[REQUIREMENT] With pictures left out, output exactly the lines of the listing below from the line that has "del que todo" to the line that has "Crown: plaqué or", both lines kept.

[SUPPLIED INFORMATION]
====
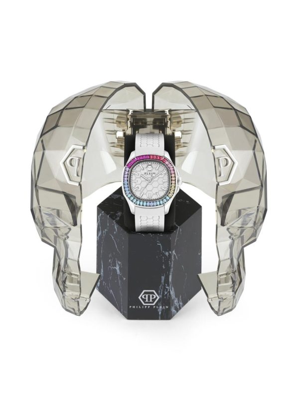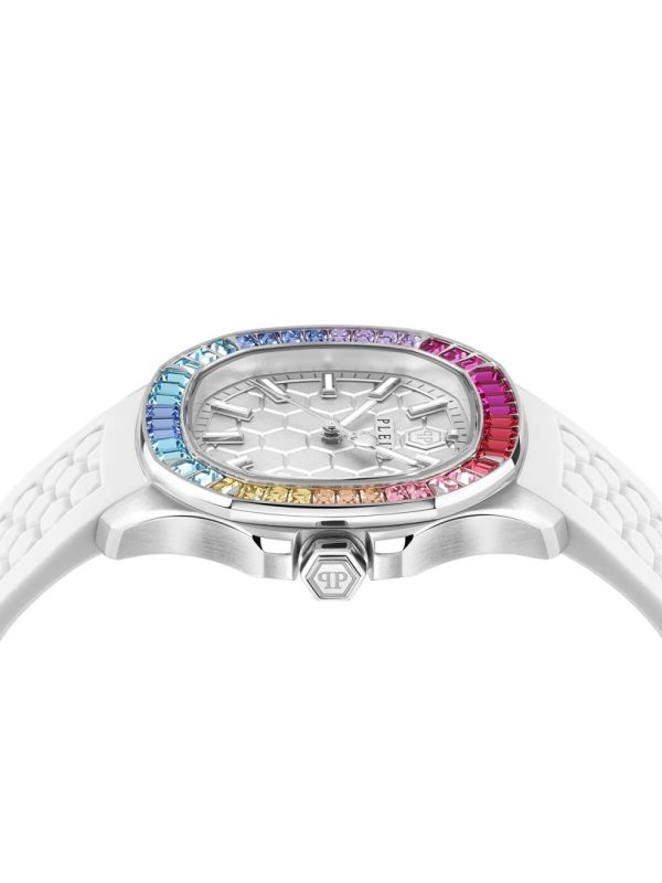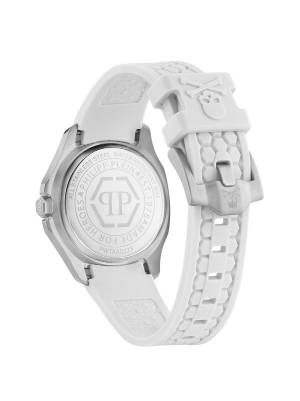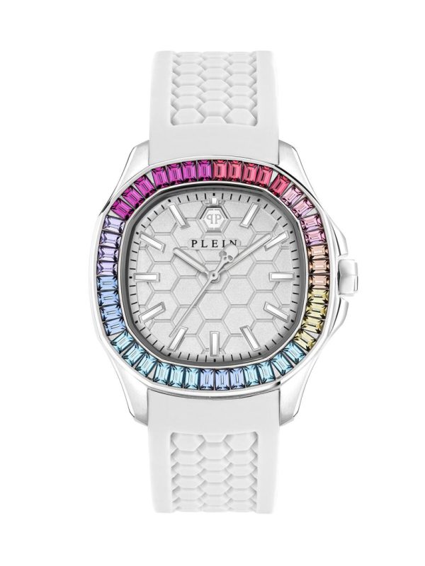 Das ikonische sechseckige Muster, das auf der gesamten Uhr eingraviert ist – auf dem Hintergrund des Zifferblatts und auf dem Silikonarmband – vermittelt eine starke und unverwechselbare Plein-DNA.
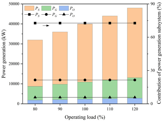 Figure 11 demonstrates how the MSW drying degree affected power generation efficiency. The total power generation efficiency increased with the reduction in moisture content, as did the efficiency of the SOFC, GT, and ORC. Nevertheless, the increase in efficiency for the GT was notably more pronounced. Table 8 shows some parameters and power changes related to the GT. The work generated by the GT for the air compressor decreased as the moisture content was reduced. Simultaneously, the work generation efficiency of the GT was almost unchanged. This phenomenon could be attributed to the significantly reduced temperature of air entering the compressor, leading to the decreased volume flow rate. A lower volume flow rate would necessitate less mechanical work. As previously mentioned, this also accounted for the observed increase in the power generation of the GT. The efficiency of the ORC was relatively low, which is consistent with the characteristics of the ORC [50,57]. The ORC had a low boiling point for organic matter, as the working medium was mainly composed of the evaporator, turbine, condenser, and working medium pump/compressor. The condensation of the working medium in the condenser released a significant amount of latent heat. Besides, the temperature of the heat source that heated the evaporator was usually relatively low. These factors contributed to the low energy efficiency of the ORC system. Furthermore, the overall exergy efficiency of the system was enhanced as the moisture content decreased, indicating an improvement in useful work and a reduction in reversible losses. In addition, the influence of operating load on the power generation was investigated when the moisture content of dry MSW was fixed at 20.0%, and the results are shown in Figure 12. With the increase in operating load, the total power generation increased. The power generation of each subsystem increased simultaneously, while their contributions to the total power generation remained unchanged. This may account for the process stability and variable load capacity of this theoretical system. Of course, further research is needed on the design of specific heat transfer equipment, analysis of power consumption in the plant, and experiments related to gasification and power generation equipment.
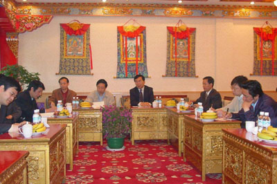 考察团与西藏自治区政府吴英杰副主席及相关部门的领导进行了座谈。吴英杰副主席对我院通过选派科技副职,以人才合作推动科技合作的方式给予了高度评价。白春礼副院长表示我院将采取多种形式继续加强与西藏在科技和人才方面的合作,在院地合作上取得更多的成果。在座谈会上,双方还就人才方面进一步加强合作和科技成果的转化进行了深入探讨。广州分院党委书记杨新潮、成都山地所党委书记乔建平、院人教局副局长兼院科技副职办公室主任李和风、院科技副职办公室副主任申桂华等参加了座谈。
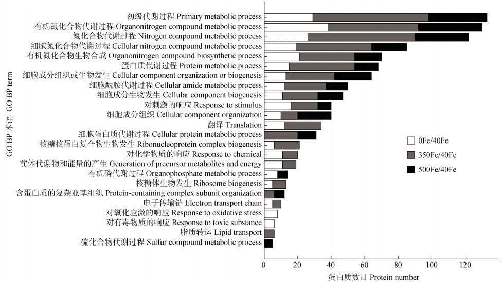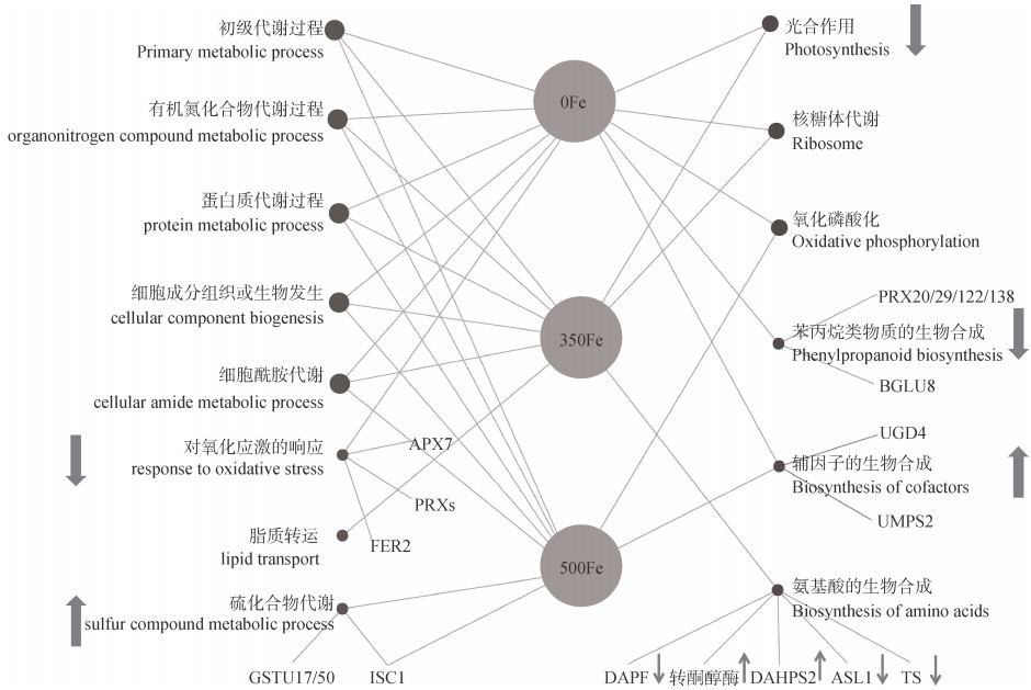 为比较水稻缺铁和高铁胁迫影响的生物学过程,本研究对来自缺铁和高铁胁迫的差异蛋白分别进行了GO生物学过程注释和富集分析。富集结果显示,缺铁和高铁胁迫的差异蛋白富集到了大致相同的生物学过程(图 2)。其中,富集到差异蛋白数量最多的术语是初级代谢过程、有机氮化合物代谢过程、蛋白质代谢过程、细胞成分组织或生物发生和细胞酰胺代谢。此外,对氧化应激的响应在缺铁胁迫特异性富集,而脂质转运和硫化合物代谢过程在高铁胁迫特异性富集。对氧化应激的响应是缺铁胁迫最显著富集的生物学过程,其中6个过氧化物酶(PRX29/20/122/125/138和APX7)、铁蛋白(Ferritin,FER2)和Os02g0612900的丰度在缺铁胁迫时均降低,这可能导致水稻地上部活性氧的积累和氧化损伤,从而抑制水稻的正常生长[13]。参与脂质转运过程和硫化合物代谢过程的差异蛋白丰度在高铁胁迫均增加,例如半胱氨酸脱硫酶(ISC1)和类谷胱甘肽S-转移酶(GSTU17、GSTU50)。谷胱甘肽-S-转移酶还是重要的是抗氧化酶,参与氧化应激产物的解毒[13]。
====
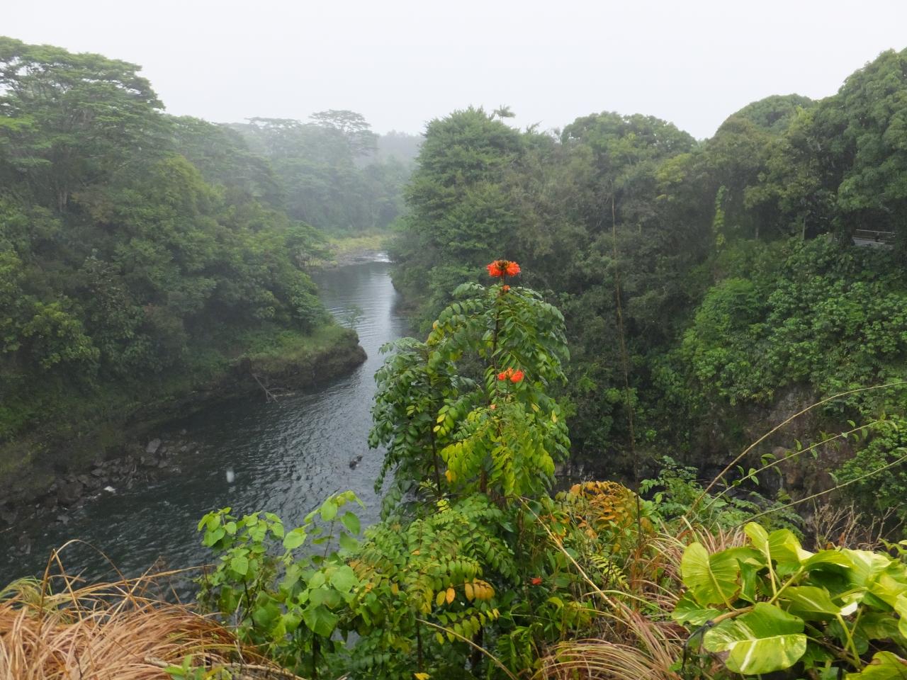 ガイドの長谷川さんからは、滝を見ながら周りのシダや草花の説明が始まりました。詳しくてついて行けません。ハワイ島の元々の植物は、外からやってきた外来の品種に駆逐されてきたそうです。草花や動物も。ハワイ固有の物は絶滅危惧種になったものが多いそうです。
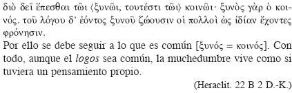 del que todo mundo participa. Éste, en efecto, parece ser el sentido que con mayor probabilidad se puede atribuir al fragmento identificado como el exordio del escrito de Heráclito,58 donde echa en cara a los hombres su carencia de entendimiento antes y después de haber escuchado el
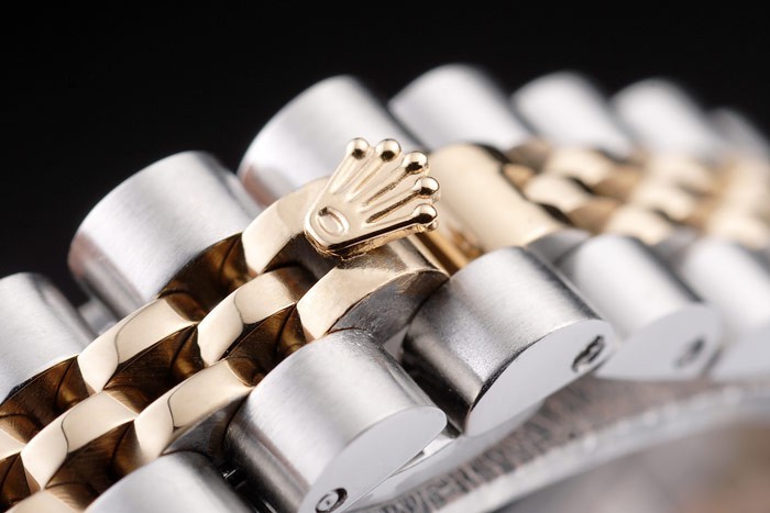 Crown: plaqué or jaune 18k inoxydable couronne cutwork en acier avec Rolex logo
====
[RESPONSE TO THIS TASK]
 del que todo mundo participa. Éste, en efecto, parece ser el sentido que con mayor probabilidad se puede atribuir al fragmento identificado como el exordio del escrito de Heráclito,58 donde echa en cara a los hombres su carencia de entendimiento antes y después de haber escuchado el
 Crown: plaqué or jaune 18k inoxydable couronne cutwork en acier avec Rolex logo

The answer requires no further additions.